ST. PAUL — How successful of a job did Senate Majority Leader Tom Bakk of Cook do for the Iron Range while also being a key player in making split government in Minnesota work?

Well, some digruntled DFL liberal legislators from the Twin Cities area tried to unseat him in caucus as leader of the majority party in the Senate.

Their attempted DFL coup in the early morning hours of the Saturday finale of the 2015 legislative special session fizzled like a bad fuse on an unexploded firecracker.

Bakk’s support within the caucus was unwavering.

The Senate majority leader told the Mesabi Daily News Saturday afternoon that while he preferred not to comment directly about the caucus dust-up, he was pleased with the intra-Senate DFL backing he received and also his role in a session that relied for success on bipartisan partnerships with the GOP House majority.

Bakk was able to enjoy a double victory by playing a major role in the session’s outcome and also privately raising a beverage in a toast to his DFL Senate colleagues who remained steadfast and loyal to his leadership.


There seemed to be some disarray in the closing hours of the special session when an amendment proposed by liberal DFL Sen.
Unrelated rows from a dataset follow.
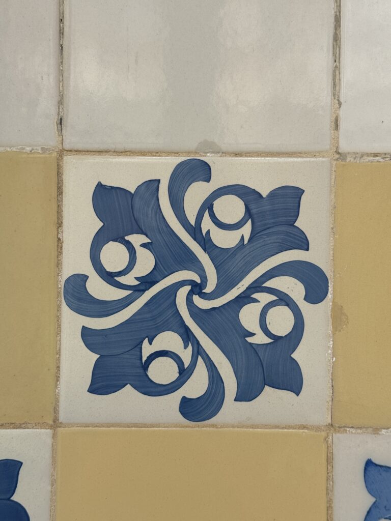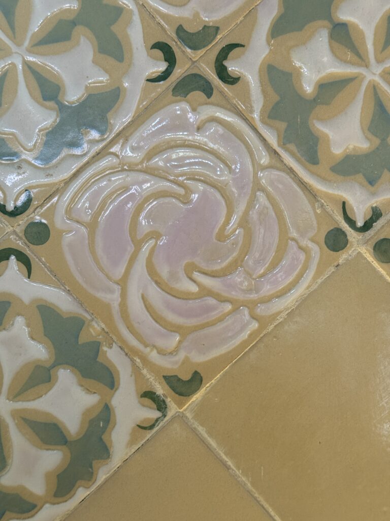 (照片上中)彩繪花磚,還看的到筆刷的痕跡
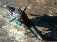 | 《バトルホッパーの 進化》バトルホッパーと共に活用されたのがロードセクター。プラズマイオンエンジンは1500馬力を越え、時速960kmをマークするモンスターマシンです。大門洋一博士がゴルゴムに 文明破壊用兵器として開発させられたもので、博士の息子・明からBLACKに託されました。 バトルホッパーを上回る出力とスピードはオンロードでの追跡や、一撃離脱戦に多用されました。時速800kmを越えると、フロントカウルからテールにかけてアタックシールドが張られ、同時に発生するイオンバリヤーが空気の摩擦や敵の攻撃からライダーとマシンを防御します。水中航行、無人走行も可能。 |
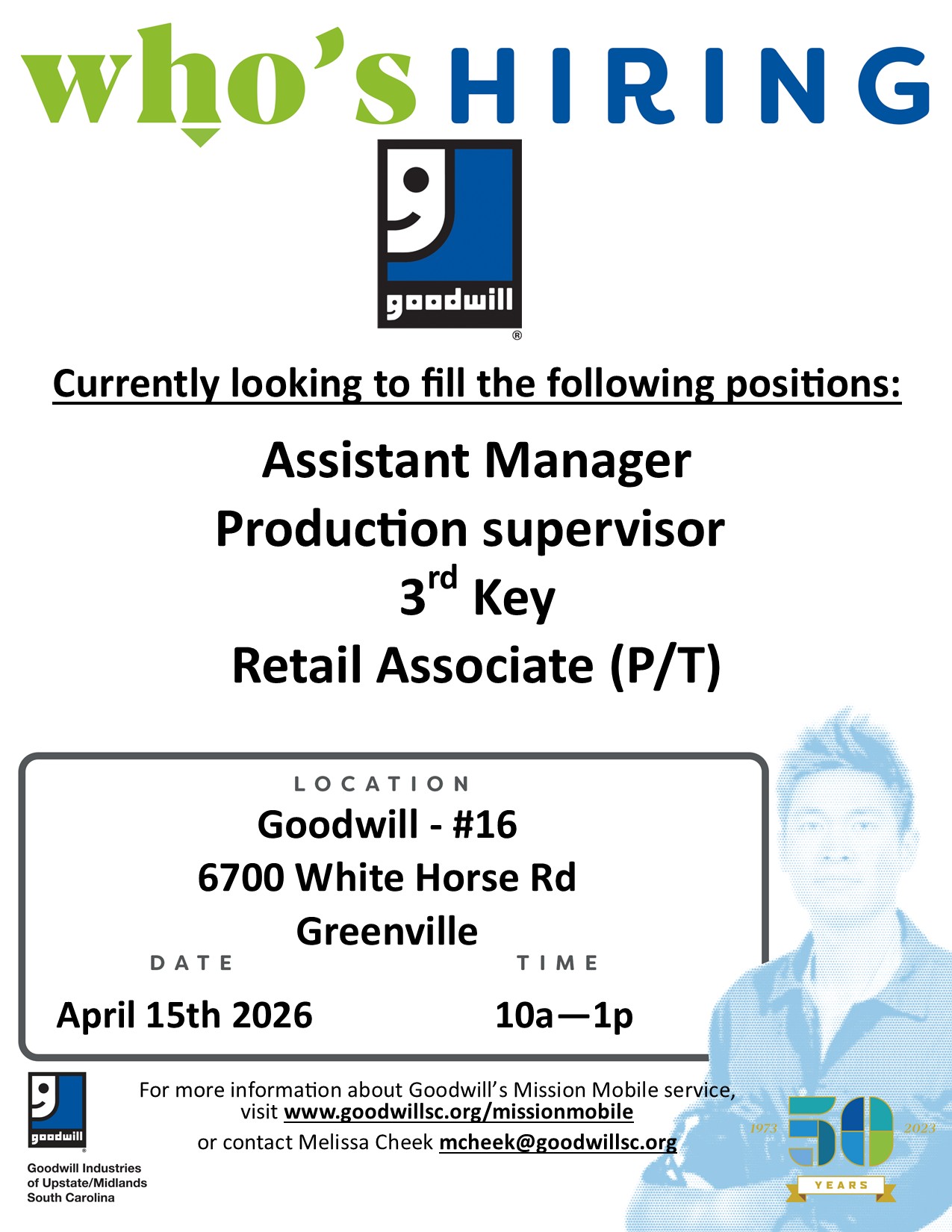 Goodwill is HIRING on White Horse Road in Greenville

John Marty of Roseville was tacked onto the agriculture and environment bill, which defeated the measure by a single vote.

That extended the special session a couple more hours into early Saturday morning.

But Sen. David Tomassoni, DFL-Chisholm, said the Marty amendment would not have passed and the session could have adjourned on Friday night if lawmakers had been in their usual digs in the State Capitol.

The special session had to be moved to the State Office Building. Senators were without the big board that registers votes as they come in and change. The board goes “Green” for yes votes and “Red” for no. And the rolling vote total is always real time and in front of the lawmakers.

But in their temporary surroundings, votes were made and recorded the old-fashioned way — taking pen to paper.

Votes would have been changed to pass the bill as it was presented as a compromise measure, Tomassoni said.

“It would have passed on the first vote,” the Chisholm DFLer said.


And the agriculture and environment bill also would have been approved on the first vote if Sen. Marty had not broken the agreement reached between Senate and House legislative leaders and Gov. Mark Dayton before the special session was called.

That deal called for no amendments to be brought forth and voted on. It was just supposed to be up-or-down votes on the three major bills that Dayton had vetoed, which prompted the session’s overtime.

But Marty wanted to remove provisions in the agriculture and environment measure that he deemed unfriendly to Minnesota’s environment.

So, a promise was broken. And celebratory toasts to a session finally ended had to wait a few more hours.